Transmissions planned for cross-border connections are determined on the day-ahead and intraday markets. In the day-ahead market auction, cross-border transmissions and the price of electrical energy in different bidding areas are simultaneously determined within the transmission capacity limits between the bidding areas. Any capacity which is left unused in the day-ahead market is offered to the intraday market.
Transmission outages which affect transmission capacity are planned cost-efficiently while bearing the system as a whole in mind. Transmission outages are scheduled for times during which they cause minimal disruption to the electricity markets and customers, taking technical boundary terms into account.
Transmission management in the nation-wide transmission grid is used for maintaining electricity transmissions within the limits permitted by the prevailing operation situation. These limits are specified by means of system security calculations, taking into account potential faults occurring in the power system. The transmission limits vary in different operation situations, and issues such as planned maintenance outages in the grid may have considerable influence on the transmission limits.
The transmission limits are ascertained individually in each case using calculations. The principle is that a dimensioning fault must not lead to the loss of synchronous operation, voltage collapse, shedding of loads, excessive voltage or frequency variations, overloading of parts of the grid, or self-sustained electromechanical fluctuations.
A point which restricts transmissions in the grid is referred to as a congestion or bottleneck. Short-term congestions in the transmission grid are taken care of commercially by means of counter trading, and long-term congestions are taken care of by means of price areas or by reinforcing the grid.

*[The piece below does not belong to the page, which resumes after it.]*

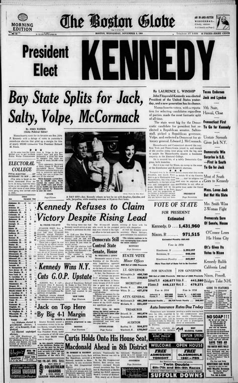 The Kennedy family had deep ties to Boston, and Boston newspapers closely followed their political careers and personal lives. The election of John F. Kennedy as president in 1960 brought a sense of pride and optimism to the city, and the newspapers celebrated his accomplishments and vision for the future. However, the assassination of President Kennedy in 1963 plunged the city into mourning, and the newspapers captured the grief and shock of the nation. These articles offer a glimpse into the Kennedy era and its lasting impact on Boston and the country.

Counter trading is used for changing the geographical distribution of production by power plants, which is determined on a market basis. Fingrid purchases at its own cost the missing capacity in the relevant area and agrees on the down-regulation of a sufficient production volume in an area that feeds the congestion. Counter trading is used for ensuring system security in the entire power system.
In a situation with insufficient transmission capacity, for example if the transmission capacity between Finland and Sweden is below the need for transmissions, the electricity exchange segregates the prices into price areas. In accordance with methodology applied by the electricity exchange, electricity flows between countries from an inexpensive area to an expensive area.